Saturday, October 26, 2013

Jesus by Allen C. Shelton




Where the North Sea Touches Alabama


After the miracle of the loaves and fishes Jesus sent the disciples on ahead. They would meet at the other side of the Sea of Galilee. They embarked on a fishing boat. Several had been fishermen before following Jesus. A storm came up. The waves were rolling. During the fourth watch of the night Jesus came walking toward them on the surface of the water. Those who saw him thought he was a ghost: on whether the ghost of Jesus or someone else, the Scriptures are silent. Peter called out, “If it is you ,Lord, call me.” He gestured for Peter to meet him on the water.  Peter climbed out of the boat and onto the dark water. Peter’s faith held him for a moment before he wavered and he began to sink underneath the waves. Jesus reached for his hand (Mathew 14:22-33). In the gospel account there are no obvious sea monsters. There is no indication that the boat’s mast and the cross Jesus would be crucified on may have been made of the same kind of wood. Both Jesus and Peter were to be crucified: Jesus on a hill and Peter upside down.

Lazarus was alive again and would die again presumably, though how this second death would unfold is still impossible to decipher. An absolute zero of biographical details is recorded in the Scriptures. Would his second death be more composed since he had glimpsed the other side, like falling asleep or more like freezing to death or drowning, shivering and gulping?

At the last moment before Simon Peter’s death, would the dizziness and vertigo from hanging upside down and looking up at the sky recall for him the rolling of the waves and the same dark sky that he saw sinking beneath the water as he was drowning on dry land?

In the conventional histories of Jesus, the attention is focused on Jesus. The post he is nailed to is omitted. He is the axial point on the map on which everything turns. How deeply the post he is nailed to is screwed into the ground isn’t mentioned. The vultures lazily soaring overhead against the blue sky escape notice. The flies in the wounds aren’t colored in or counted. Various other human actors are noted. The name of the hill is given. But details on the map are scarce.

Bridget of Sweden in a vision enumerated 5,490 wounds on the body of Christ.. When Jesus appeared to Thomas, all these were completely healed except the wound in his abdomen where the centurion’s spear had been thrust. This is where Thomas’s hand was fated to appear. But this miracle was for Thomas alone. Whether the wounds will turn miraculous in my lifetime is uncertain, despite the claims of Jesus’s imminent return

Jesus was a superorganism, not a single entity. A tree was cut down, split with wedges and hammers, shaped with an axe, stuffed into a gaping hole, and then packed with iron rids with rock and dirt to hold it upright. Some commentators see the pole as a descendant from the Tree of Knowledge in Eden. A beetle was crushed underfoot. Sparrows scattered into the air.
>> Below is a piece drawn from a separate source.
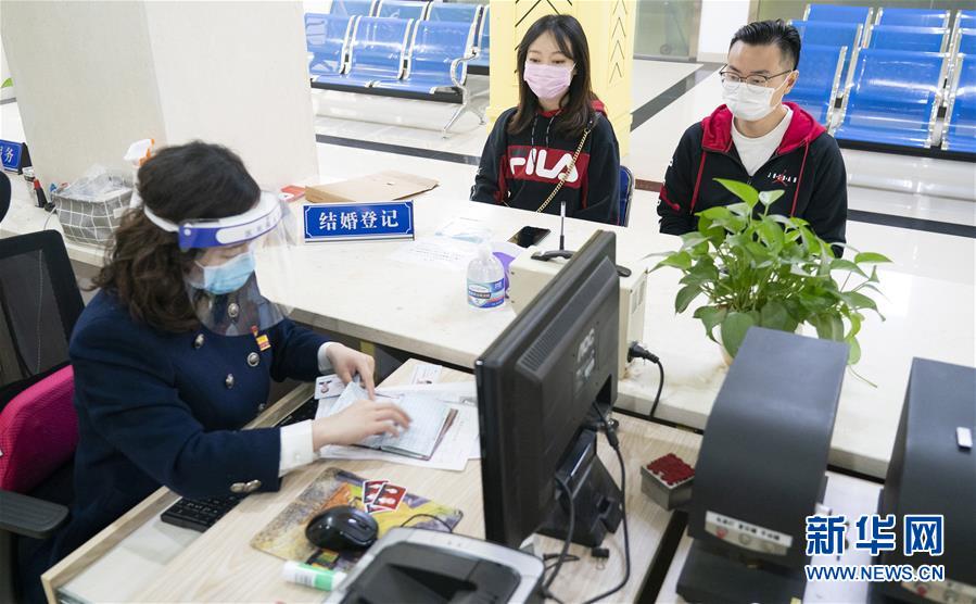 4月7日,在武漢市江岸區(qū)民政局婚姻登記處,工作人員為新人陳先生與張女士辦理結(jié)婚登記手續(xù)。 新華社記者才揚(yáng)攝

A mole’s head was splintered. Jesus is the head of one big screw that turns deep into the landscape. A rough-cut pine cross is sinking into the mountain like a splinter into a fat thumb. The whole valley aches with the vibrations on it.

There is talk about appearances of Jesus, miraculous healings, and demonic infestations, reports of satanic rites in the hills that reach all the way to the State police. Charismatic revivals sweep through the local churches.
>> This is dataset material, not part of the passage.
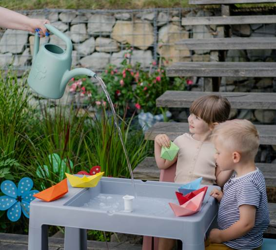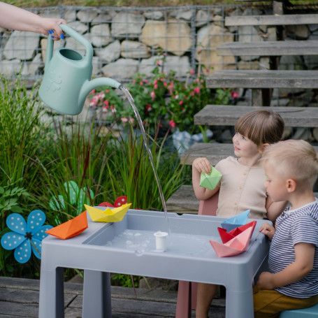 Lift the tabletop to discover an inner compartment that can be filled with sand or water – ideal for sensory play, tactile experiences, and outdoor fun. Easily transform it into a mini sandpit or water play station at home or in the garden.

Among all the tiny pieces of paper scattered across the floor was the memento from my grandmother – the Sunday school lesson she had written on the back of a check listing how all the apostles had met their end. It was a bloody list. Mathew died in Ethiopia. He was killed by the sword. Mark made it to Alexandria to be dragged by horses through the streets. Luke was hanged in Greece. John was boiled in oil but survived. Then he was exiled to a prison in Patmos. Later he was freed and died an old man in Turkey. James was thrown from the southeast corner of the Temple a hundred feet to the ground. Then he was beaten with a fuller’s brush. James, son of Zebedee, was beheaded at Jerusalem. Bartholomew was whipped to death in Armenia. Jude was shot with arrows. Matthias, who replaced Judas, was stoned and then beheaded. Judas hanged himself from the branches of a redbud tree. Andrew was crucified. Thomas the doubter walked into  India spreading the gospel and was never heard of again. Now that check too met its end in Christ’s presence.
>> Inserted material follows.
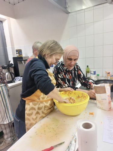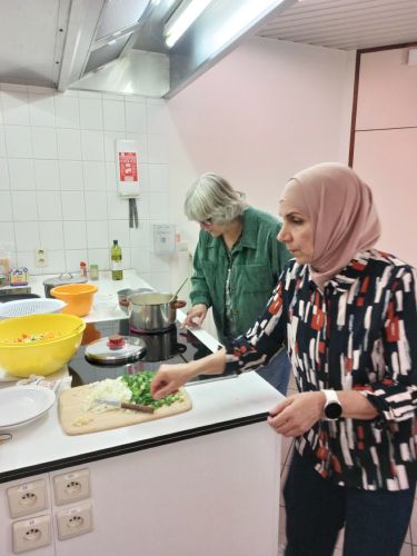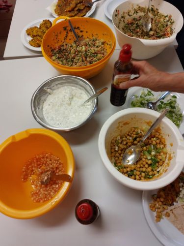 O.l.v. Ithar maken we verschillende gerechten klaar: een salade (taboulé), yoghurtsaus (tsasiekie), veggie burgers, een dessert met dadels en verse thee.

It isn’t necessary to see the resurrected Jesus. That’s why the Holy Ghost was sent –to be a comforter and an inspiration. Of the twelve disciples only Thomas immediately recognized the risen Christ, and then only when he was instructed to place his hand in the wound. The others, who loved him, knew him, couldn’t or didn’t see him until he developed in front of their eyes like a photographic negative.